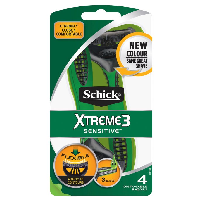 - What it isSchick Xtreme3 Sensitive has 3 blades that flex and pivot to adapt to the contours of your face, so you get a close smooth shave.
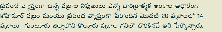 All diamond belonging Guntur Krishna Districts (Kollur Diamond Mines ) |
==
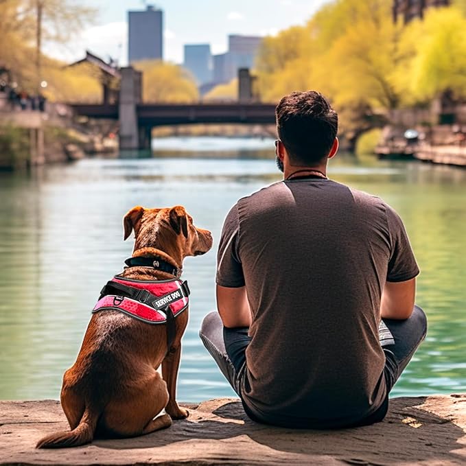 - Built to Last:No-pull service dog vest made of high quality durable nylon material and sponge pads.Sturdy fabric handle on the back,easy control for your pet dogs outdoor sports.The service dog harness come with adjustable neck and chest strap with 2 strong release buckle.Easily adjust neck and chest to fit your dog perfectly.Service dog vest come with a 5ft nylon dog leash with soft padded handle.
--
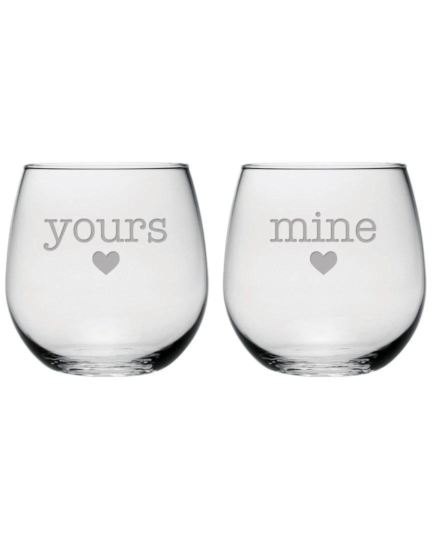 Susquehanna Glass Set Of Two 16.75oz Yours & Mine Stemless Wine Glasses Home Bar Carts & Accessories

_Exercise prompt:_ The expected output is the lines above from the one containing "- What it isSchick" to the one containing "All diamond belonging", both ends included, reproduced exactly with every picture left out.

_Result of the exercise:_
 - What it isSchick Xtreme3 Sensitive has 3 blades that flex and pivot to adapt to the contours of your face, so you get a close smooth shave.
 All diamond belonging Guntur Krishna Districts (Kollur Diamond Mines ) |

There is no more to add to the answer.